**Try it**
Every line containing "منتخب" should be copied out. Go through the entries and find them.

** Supplied records follows **

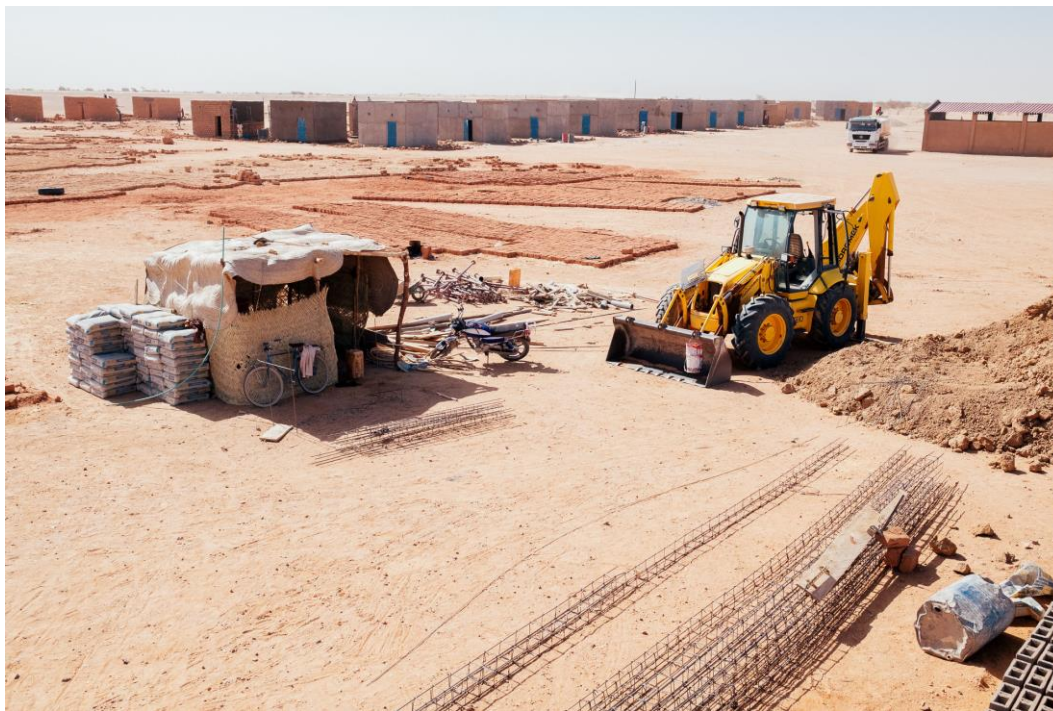
Construction de nouvelles maisonnettes au Centre humanitaire de Agadez.
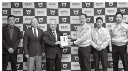
町商工会建設業部会 様より .....20万円
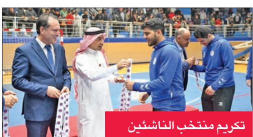
تكريم منتخب الناشئين

حصل منتخب الكويت الوطني للناشئين لكرة اليد على المركز الثالث في النسخة الأولى للبطولة العربية للمنتخبات لمواليد 2006 لكرة اليد، إثر فوزه على منتخب الجزائر (أ) بنتيجة 24-29 في مباراة جمعت المنتخبين أمس الأول على صالة المهدي بنونس العاصمة، لتحديد المركزين الثالث والرابع للبطولة، التي فاز بها منتخب تونس (أ)، صاحب الضيافة، بعد تغلبه على نظيره السعودي (أ)، الذي حل ثانياً، بنتيجة 24-28 في المباراة النهائية. وأسفرت مباريات تحديد المراكز من الخامس إلى الثامن عن حصول منتخب تونس (ب) على المركز الخامس، بعد فوزه على منتخب السعودية (ب) السادس بنتيجة 34-28، وجاء منتخب ليبيا في المركز السابع، بعد تغلبه على منتخب الجزائر (ب) الثامن بنتيجة 37-27.
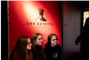
Piotrków Trybunalski 10_10_2022-4
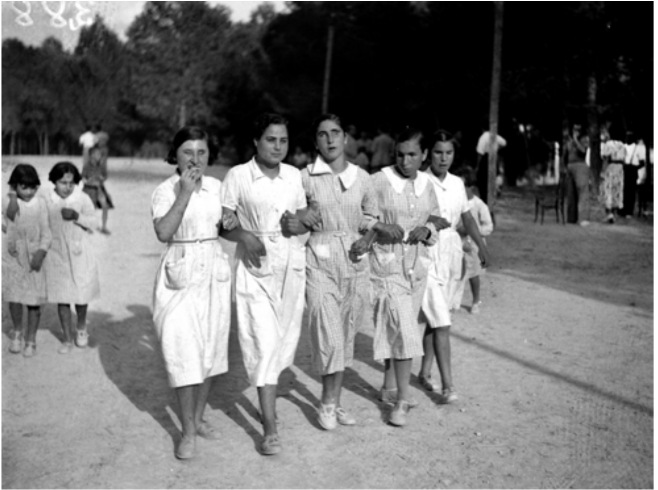
Xiquets i xiquetes cecs evacuats de Chamartín de la Rosa (Madrid) a València. Passegen del bracet. Setembre de 1937

** End of Supplied records **

**Exercise answer**
تكريم منتخب الناشئين
حصل منتخب الكويت الوطني للناشئين لكرة اليد على المركز الثالث في النسخة الأولى للبطولة العربية للمنتخبات لمواليد 2006 لكرة اليد، إثر فوزه على منتخب الجزائر (أ) بنتيجة 24-29 في مباراة جمعت المنتخبين أمس الأول على صالة المهدي بنونس العاصمة، لتحديد المركزين الثالث والرابع للبطولة، التي فاز بها منتخب تونس (أ)، صاحب الضيافة، بعد تغلبه على نظيره السعودي (أ)، الذي حل ثانياً، بنتيجة 24-28 في المباراة النهائية. وأسفرت مباريات تحديد المراكز من الخامس إلى الثامن عن حصول منتخب تونس (ب) على المركز الخامس، بعد فوزه على منتخب السعودية (ب) السادس بنتيجة 34-28، وجاء منتخب ليبيا في المركز السابع، بعد تغلبه على منتخب الجزائر (ب) الثامن بنتيجة 37-27.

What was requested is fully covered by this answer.